Capitol Federal began increasing its dividend in November 2003. Before the increase in the dividend, the stock was trading at $21 per share. Since then it has reached a high of $38 per share.

“I would like to say that the rise is because people are fond of our good management, but in all honesty, it is the dividend,” Dicus said. “We were able to position ourselves to take advantage of the market’s demand for dividends.”

Earnings struggles

But the bank’s overall business has struggled during the past year. For fiscal year 2003, which ended Sept. 30, the company posted earnings per share of 74 cents. That’s down 40 percent from 2002 earnings of $1.25 per share. Dicus blames the earnings shortfall on the low-interest rate environment. As the largest residential lender in the state, Capitol Federal had many existing customers refinance their loans. Although that produces some fee income for the bank, it reduces interest income.

“When you have loans on the books at 7 percent and people start refinancing them at 5.5 percent, all of a sudden that starts to adversely affect your net income,” Dicus said.

Dividend questions

The company’s stock price has performed well. Analysts say that’s because the dividend is still strong. Most analysts who cover the company also agree that the company’s earnings will rebound.

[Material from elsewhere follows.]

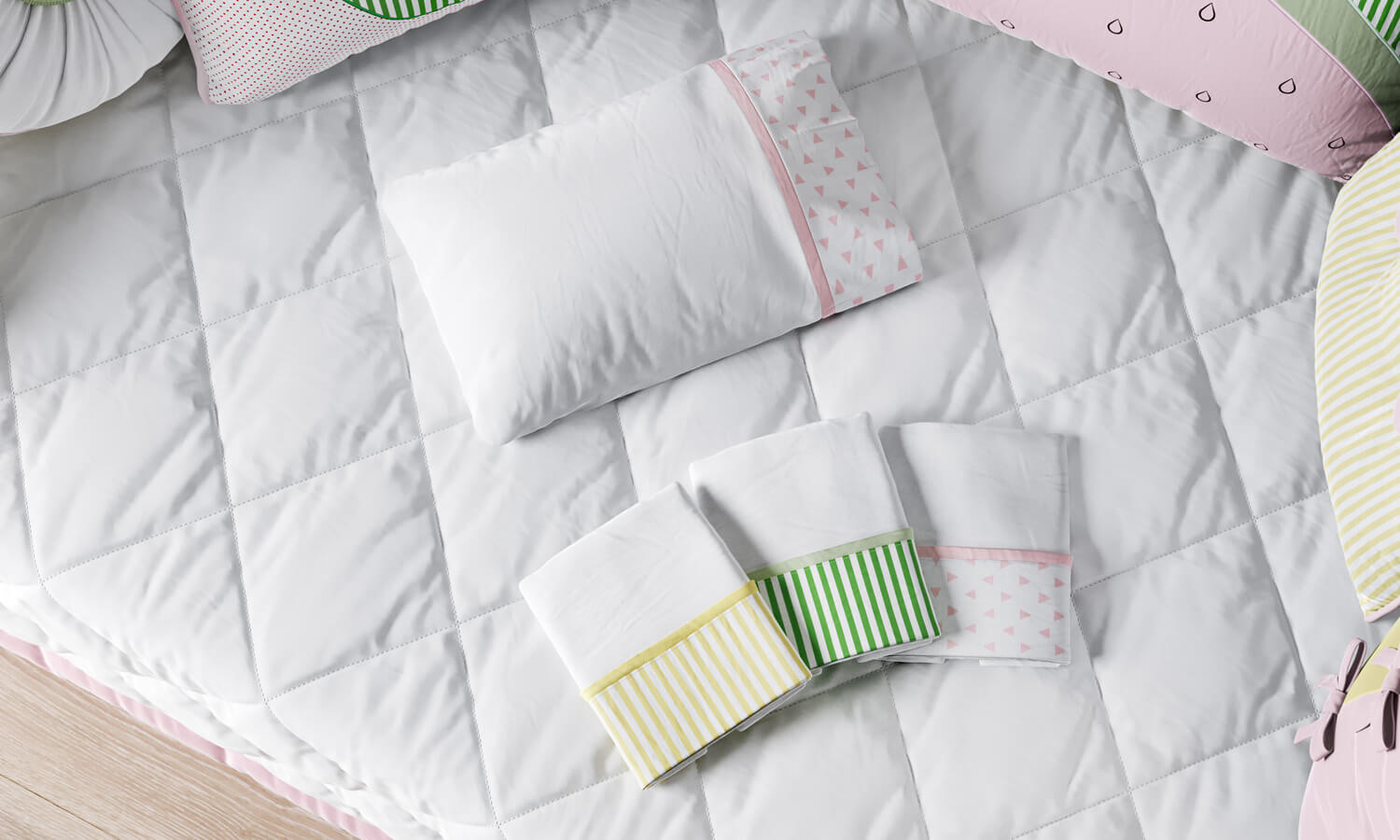 Com o Jogo de Fronhas Listras e Triângulos o enxoval de bebê fica mais completo. As peças são confeccionadas com a maciez do tecido 100% algodão e permitem forrar o travesseiro do bebê de maneira aconchegante. Listras e triângulos enfeitam as fronhas.

“When rates go back up that should definitely help the company’s bottomline,” said Ron Peterson, an analyst with Moors & Cabot, a Boston-based brokerage firm that follows the banking sector.

Not everyone agrees though. Dave Anderson, chief investment officer for Overland Park-based Gold Trust Co., said he was uncertain a rise in interest rates would help the company’s profits. And if profits don’t increase, Anderson said the company would have to cut its dividend, which almost certainly would hurt the price of the stock.

Anderson said he believed the company’s earnings justify a dividend in the 50 cent per share range — not its current $2 range.

“I think Capitol Federal is a good organization, but I think they have some reality checks to deal with,” Anderson said.

Dicus said the company’s dividend was on solid ground because Capitol Federal had built up significant cash reserves to pay shareholders even if the company’s earnings weren’t enough to cover the dividend expense.

Peterson also is advising clients that the dividend will continue.

“I think the dividends are safe,” Peterson said. “The cash at the company is there to pay for at least eight more quarters. Plus, they still have earnings coming in. It’s not like the company is losing money.”

Unique strategy

Anderson thinks the company needs to take a more aggressive growth strategy and change its policy in terms of servicing its own mortgage loans.

The bank generally doesn’t sell its mortgages to other companies, and Anderson says that makes the company more vulnerable to interest rate swings.

“They are a very stable company and there’s something comforting about them, but historically they don’t make the aggressive moves to grow,” Anderson said.

Dicus said the company was looking for new business opportunities but didn’t predict large-scale changes. He said the bank had made a decision to keep most of its loans rather than sell them to third-party financial companies. He believes that gives the bank a competitive edge in the market.

As for expansion, Dicus said the company would consider expanding outside Kansas, particularly into the Kansas City, Mo., area. But Dicus said if the company were to buy another bank, it would have to be a deal that would add to earnings immediately, otherwise the bank’s dividend policy could be at risk. Dicus also didn’t rule out opening more branches in Lawrence, which has three.

Dicus also said he expected the company to largely remain a residential lender, spurning opportunities to get into the riskier but sometimes more profitable commercial lending market.

“It is always an option for us to get into that (commercial lending,)” Dicus said. “But single-family lending is what we know how to do. One thing about this company is that we’ve always believed in sticking to what we know how to do, and then do it better than the next guy.”